▸ Information provided:

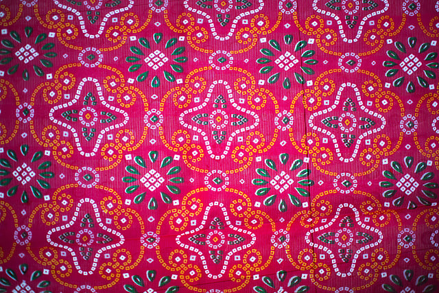 This distinctive tie-and-dye work is characterised by patterns on vibrant backgrounds, created by pinching and pushing small portions of the fabric into small points, and knotting and twisting them with the help of thread. The fabric is then dyed in different shades of colour, thereby leaving the knotted parts uncoloured.
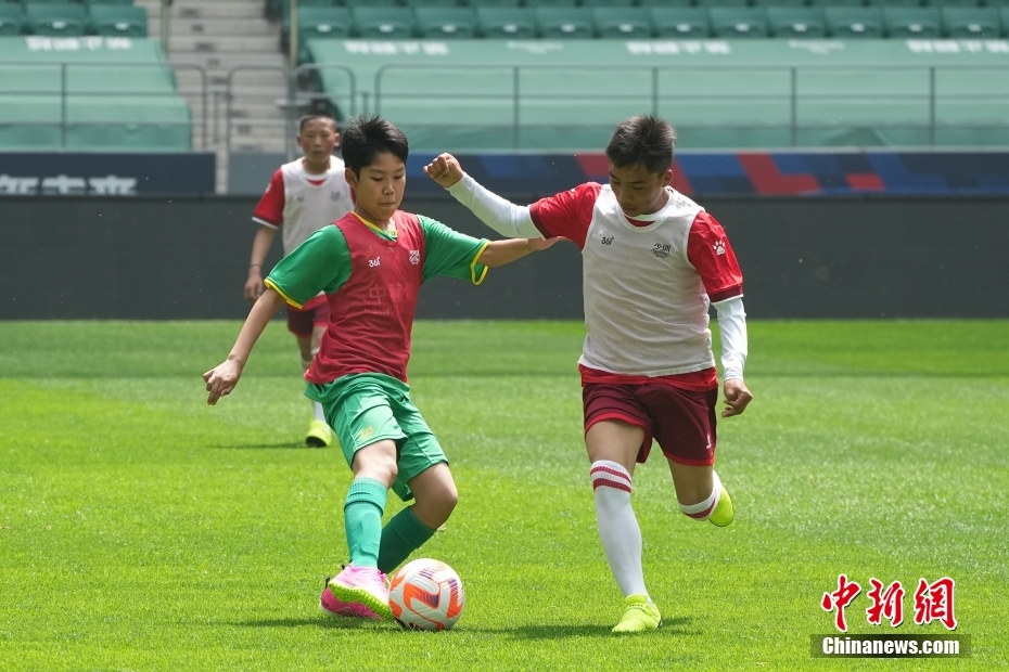 来自玉树的足球少年和北京国安的小球员一起训练。
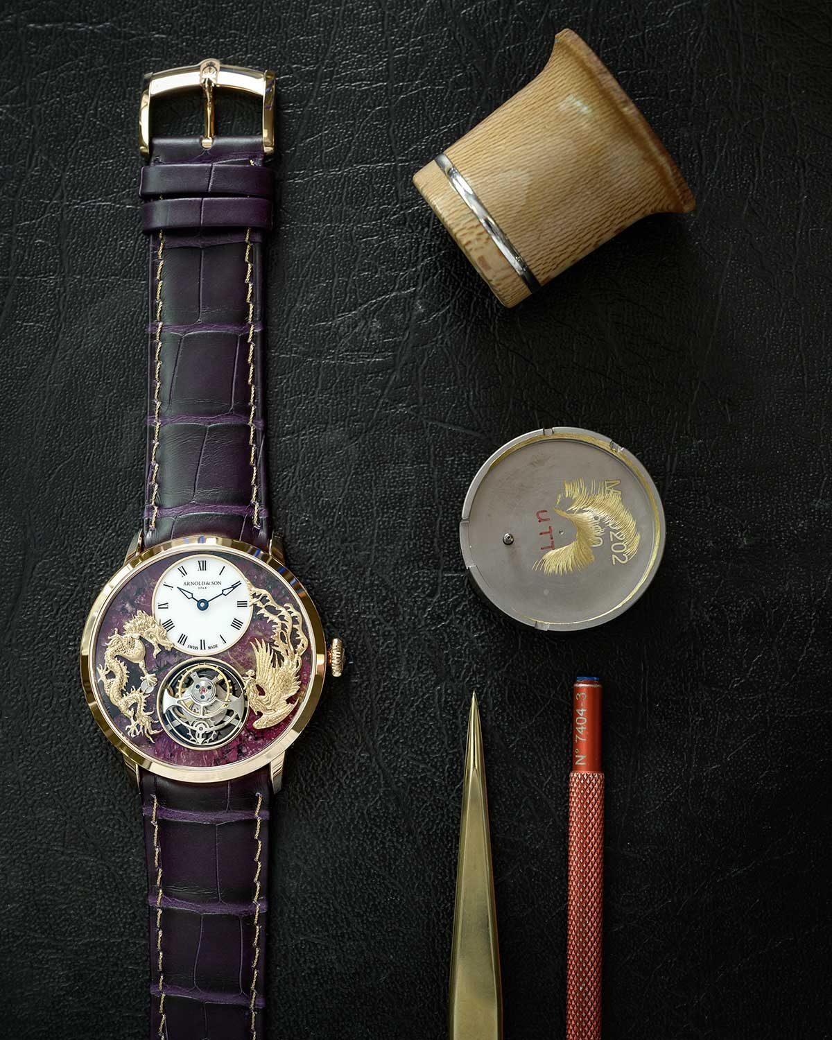 當然,這款龍鳳戲珠腕錶並不只是擁有華麗至極的外表,其硬石錶盤下是雅諾自製A&S8200機芯,它是當今最纖薄的陀飛輪機芯之一,厚度僅有2.97毫米,而它的動力儲存卻達到了陀飛輪手錶中極為罕見的90小時。同時,它的後蓋部份也是鏤空設計,佩戴者不僅可以細細品味錶面上細緻入微的龍鳳雕刻造型,也可觀察陀飛輪橋板精細的鏤空工藝和其後橋上的手工雕刻,在把玩手錶的過程中又增添了幾分樂趣。
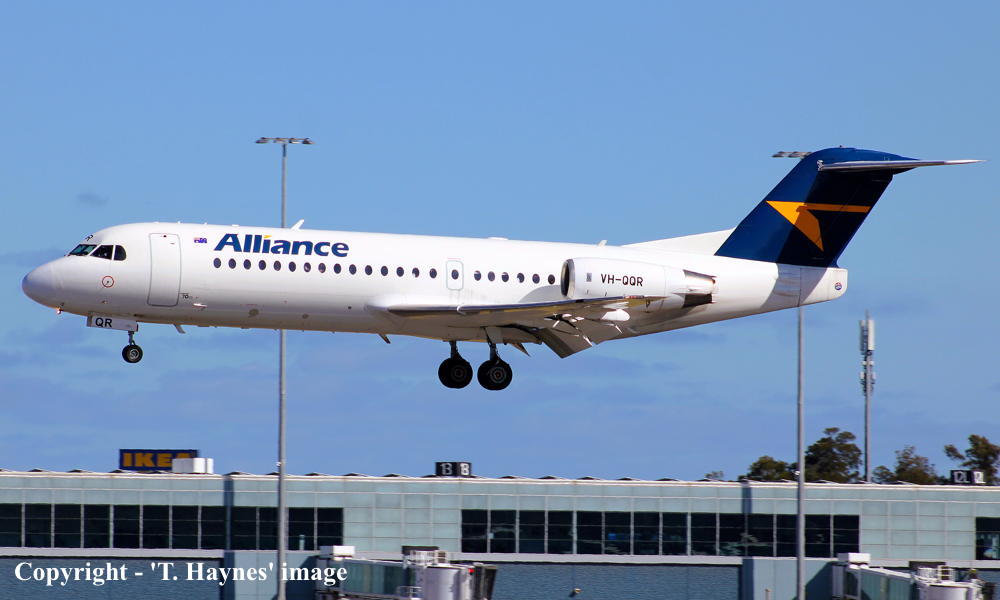 VH-QQR. Fokker F28-070. c/n 11564. Was also registered as: HA-LMA; YR-KMA. |

▸ Work instruction:
Please produce an exact copy of all the material, leaving out the pictures.

▸ Solution for this task:
 This distinctive tie-and-dye work is characterised by patterns on vibrant backgrounds, created by pinching and pushing small portions of the fabric into small points, and knotting and twisting them with the help of thread. The fabric is then dyed in different shades of colour, thereby leaving the knotted parts uncoloured.
 来自玉树的足球少年和北京国安的小球员一起训练。
 當然,這款龍鳳戲珠腕錶並不只是擁有華麗至極的外表,其硬石錶盤下是雅諾自製A&S8200機芯,它是當今最纖薄的陀飛輪機芯之一,厚度僅有2.97毫米,而它的動力儲存卻達到了陀飛輪手錶中極為罕見的90小時。同時,它的後蓋部份也是鏤空設計,佩戴者不僅可以細細品味錶面上細緻入微的龍鳳雕刻造型,也可觀察陀飛輪橋板精細的鏤空工藝和其後橋上的手工雕刻,在把玩手錶的過程中又增添了幾分樂趣。
 VH-QQR. Fokker F28-070. c/n 11564. Was also registered as: HA-LMA; YR-KMA. |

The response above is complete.